General SARS-COV-2 protease enzyme inhibition mechanism
The SARS-CoV-2 protease enzyme is an essential step in viral replication and a prime candidate for COVID-19 medicinal development (28,29). The viral polyprotein is broken down by the protease into smaller functional proteins that are necessary for viral replication (30). Potential COVID-19 therapeutic options include blocking viral replication and dissemination by inhibiting the activity of the protease enzyme (29,30).
A catalytic location on the SARS-CoV-2 protease can be targeted by small molecule inhibitors. The amino acids His41 and Cys145, which form a catalytic dyad at this location, are essential for cleaving the viral polyprotein (31,32). Protease inhibitors are created to attach to this catalytic location and inhibit the activity of the enzyme (33). Covalent and non-covalent inhibitors can be distinguished from one another by how they bind to the catalytic site (33,34).
Covalent inhibitors attach to the enzyme's catalytic site and create a bond with the amino acids that make up the catalytic dyad, permanently inhibiting the enzyme (35). Depending on the intensity of the non-covalent interaction, non-covalent inhibitors can bind to the site in a reversible or irreversible manner (36). Several SARS-CoV-2 protease inhibitors have been created and are currently being used to treat COVID-19 patients (37). To tackle the ongoing pandemic, new and more potent inhibitors must be developed due to the advent of new virus strains.
III. 
Overview of SARS-COV-2 protease enzyme inhibitors properties
Based on their method of inhibition, binding affinity, and selectivity, SARS-CoV-2 protease inhibitors can be divided into different groups (38,39). While irreversible inhibitors create a covalent bond with the enzyme, reversible inhibitors bind to the enzyme in a way that cannot be broken (40). High binding affinity inhibitors can attach to the enzyme firmly and stop the enzyme's activity even at low concentrations (40,41). Non-selective inhibitors may have negative effects on other enzymes or proteins in the cell while selective inhibitors solely bind to the target enzyme (41).
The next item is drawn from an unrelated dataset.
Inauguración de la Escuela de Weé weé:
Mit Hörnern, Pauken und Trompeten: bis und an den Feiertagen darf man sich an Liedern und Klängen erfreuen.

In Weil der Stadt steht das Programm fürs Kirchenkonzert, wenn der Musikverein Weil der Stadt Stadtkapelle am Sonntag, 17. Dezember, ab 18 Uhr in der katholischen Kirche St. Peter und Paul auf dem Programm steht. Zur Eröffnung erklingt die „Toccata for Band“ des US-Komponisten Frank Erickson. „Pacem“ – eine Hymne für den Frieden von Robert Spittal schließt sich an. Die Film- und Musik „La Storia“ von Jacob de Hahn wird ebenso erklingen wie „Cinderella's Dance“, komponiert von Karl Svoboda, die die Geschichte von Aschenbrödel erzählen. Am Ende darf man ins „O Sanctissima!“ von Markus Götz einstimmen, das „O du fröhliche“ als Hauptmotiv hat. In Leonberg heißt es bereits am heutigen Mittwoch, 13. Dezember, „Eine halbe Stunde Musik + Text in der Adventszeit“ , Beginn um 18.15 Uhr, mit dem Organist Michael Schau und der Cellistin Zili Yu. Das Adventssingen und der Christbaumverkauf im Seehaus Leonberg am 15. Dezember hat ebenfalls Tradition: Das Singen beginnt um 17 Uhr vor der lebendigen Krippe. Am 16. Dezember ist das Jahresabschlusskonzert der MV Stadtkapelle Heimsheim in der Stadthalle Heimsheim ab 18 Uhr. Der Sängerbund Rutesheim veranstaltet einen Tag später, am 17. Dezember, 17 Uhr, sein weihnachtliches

Inhibitors of the SARS-CoV-2 protease include Molnupiravir, Remdesivir, and Lopinavir/Ritonavir (42). Remdesivir is a nucleotide analog that functions as a non-covalent inhibitor, whereas Lopinavir/Ritonavir is a combination of two protease inhibitors that operate as competitive inhibitors (42,43). Based on their method of inhibition, binding affinity, and selectivity, SARS-CoV-2 protease inhibitors can be divided into different groups (38,44). Reversible inhibitors have a displaceable bond with the enzyme. An oral prodrug called Molnupiravir is converted into Nirmatrelvir, which has the ability to block the SARS-CoV-2 protease non-covalently (45).
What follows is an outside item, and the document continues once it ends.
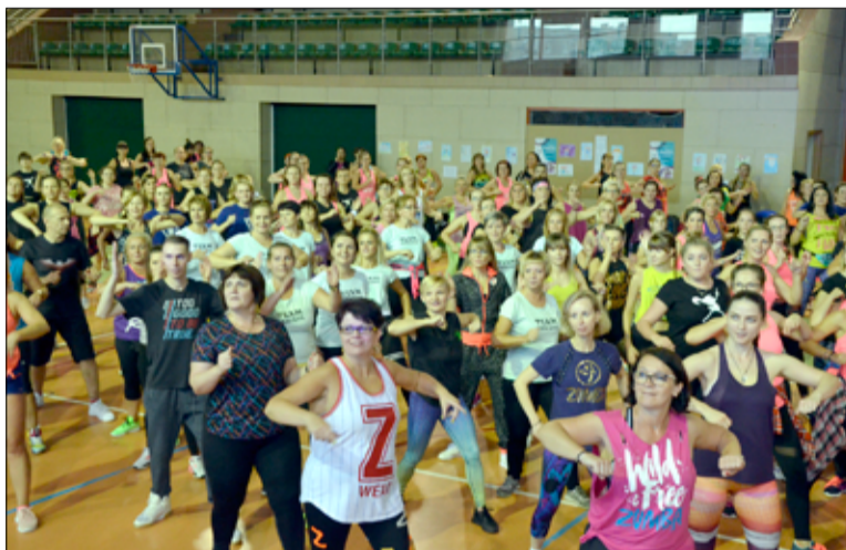
Charytatywny Maraton Zumbi cieszył się dużym zainteresowaniem nie tylko osób, które kochają sport i fitness. Zumba to bowiem nie tylko spalane kalorie, ale i niesamowita energia, która dodaje sił do działania.

Despite the positive outcomes of these inhibitors, more study is required to create new and more powerful protease inhibitors because the advent of new virus types may reduce their effectiveness. To effectively block the protease enzyme and cure COVID-19, it is imperative to comprehend the characteristics of SARS-CoV-2 protease inhibitors (46).
IV. 
Target of SARS-COV-2 protease approach towards drug discovery
Targeting the SARS-CoV-2 protease, a key enzyme necessary for viral replication and transcription, has been the focus of drug discovery efforts for COVID-19 (47). Promising as a target for therapeutic development, the protease activity can potentially stop the virus from multiplying and spreading. Structure-based drug design and high-throughput screening are the two main strategies for attacking the SARS-CoV-2 protease (48,49). The 3D structure of the protease is utilized in structure-based drug design to create tiny compounds that can bind to the active site and reduce the activity (50). Large libraries of substances are examined in high-throughput screening for their capacity to thwart protease activity. Both methods have been effective at finding strong protease inhibitors (51).
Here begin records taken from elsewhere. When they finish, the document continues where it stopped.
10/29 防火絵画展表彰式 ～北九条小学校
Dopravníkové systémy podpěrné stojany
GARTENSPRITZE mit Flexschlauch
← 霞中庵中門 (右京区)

Potential inhibitors are identified, and their safety and effectiveness in treating COVID-19 are evaluated through additional optimization and clinical trials (52,53). To effectively treat COVID-19, however, it could be necessary to combine medications that target many viral targets in addition to the SARS-CoV-2 protease (54). Other viral targets, like the spike protein and RNA-dependent RNA polymerase, are also being investigated for therapeutic development in addition to the SARS-CoV-2 protease (55). The quickly evolving nature of the virus and its variants may necessitate the use of a comprehensive strategy that concentrates on a variety of viral targets (56). Finally, to effectively treat COVID-19 and stop further outbreaks, more research and drug development are required.
V. 
Computational methods for SARS-COV-2 protease inhibitor identification
There is still a need for new medications to fight COVID-19, and computational methods are being employed more and more to find prospective drug leads (57). Targeting the human ACE2 receptor and the SARS-CoV-2 Mpro and spike proteins with ligands such small compounds produced from medicinal plants is one possible strategy (58,59). In a recent study, frontier molecular orbitals (FMO) analysis and density functional theory (DFT) were utilized to examine the interactions of eight phytochemicals from three medicinal plants that are frequently employed in Indian traditional medicine (60). The SARS-CoV-2 Mpro and spike protein targets' strongest binding ligands were found to be two substances, C-5 and C-8 (60,61).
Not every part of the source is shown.